The results obtained in rats (Tables 1, 3) indicate: both in case of individual and combined use of both oximes, dipiroxim is significantly inferior in therapeutic efficacy to oxime IV. Therapeutic doses of the latter are about 10 times lower than that of dipiroxim. Since oxime IV is approximately 1.5 times less toxic than dipiroxim (Table 1), the corresponding therapeutic indices of oxime IV exceed these values in dipiroxim by more than 10 times.

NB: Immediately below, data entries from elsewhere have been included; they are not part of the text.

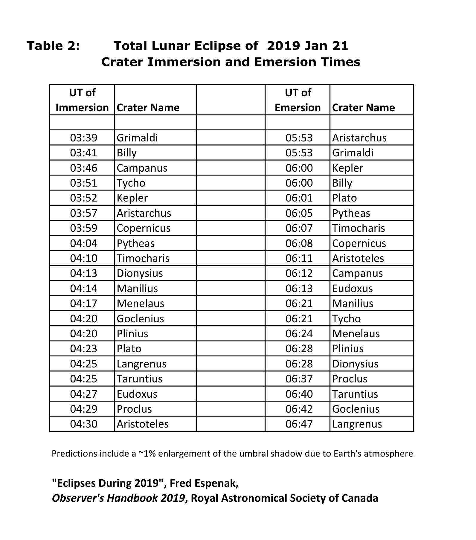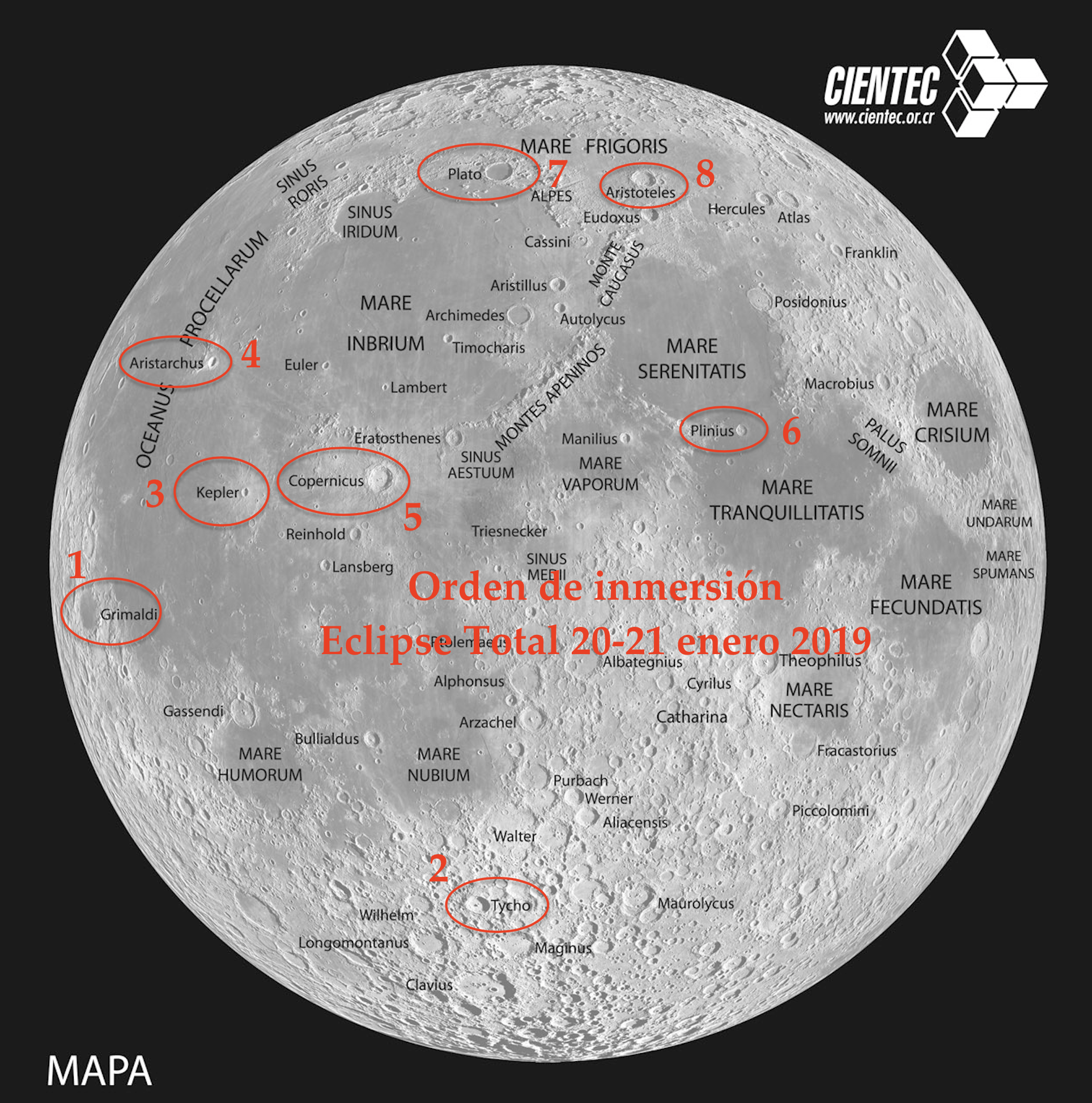 Busque sus binoculares y participe. Escoja un crater y cronometre su ingreso (completo) a la sombra oscura (umbra) de la Tierra, en el Eclipse Total de Luna del 20-21 de enero 2019. Estamos hablando de la fase parcial inicial del Eclipse. Participe en este juego y aprenda de la superficie lunar. La tabla adjunta es la estimación realizada por Fred Espenak (ahora pensionado de la NASA),con las horas en UT (para Costa Rica hay que restar 6 horas). ¿Cuál crater quiere seguir? Los hemos numerado en orden de inmersión, de acuerdo a la tabla, para que escoja.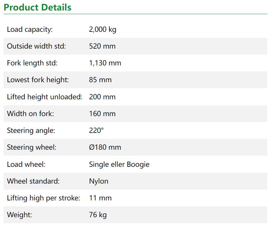 Load capacity: 2000 kg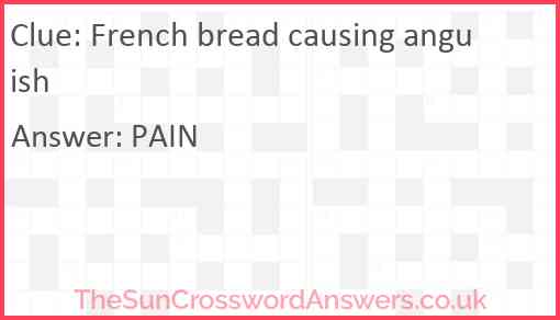 French bread causing anguish is a crossword clue for which we have 1 possible answer and we have spotted 3 times in our database. This crossword clue was last seen on 22 January 2024 in The Sun Cryptic Crossword puzzle!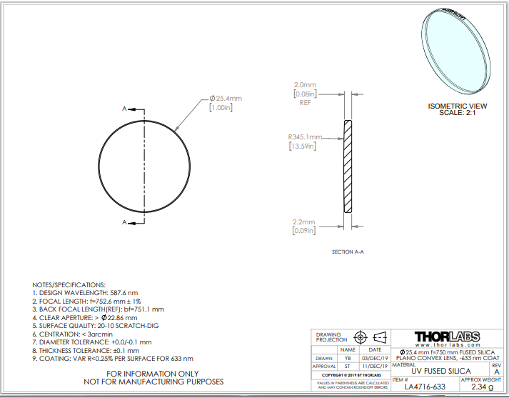 Thorlabs索雷博 LA4716-633 平凸透镜

The data obtained on cats (Table 2) confirm the superiority of oxime IV: with equal therapeutic doses of both drugs, the survival rate of animals differs three times in favor of oxime IV.

Claims (1)

An agent for the treatment of organophosphorus poisoning poisoning containing a cholinesterase reactant from the group of bis-quaternary pyridinaldoxime derivatives, characterized in that 1-methyl-5- [2 '- (benzyl dimethylammonio) ethyl] carbamoylpyridiide % aqueous solution.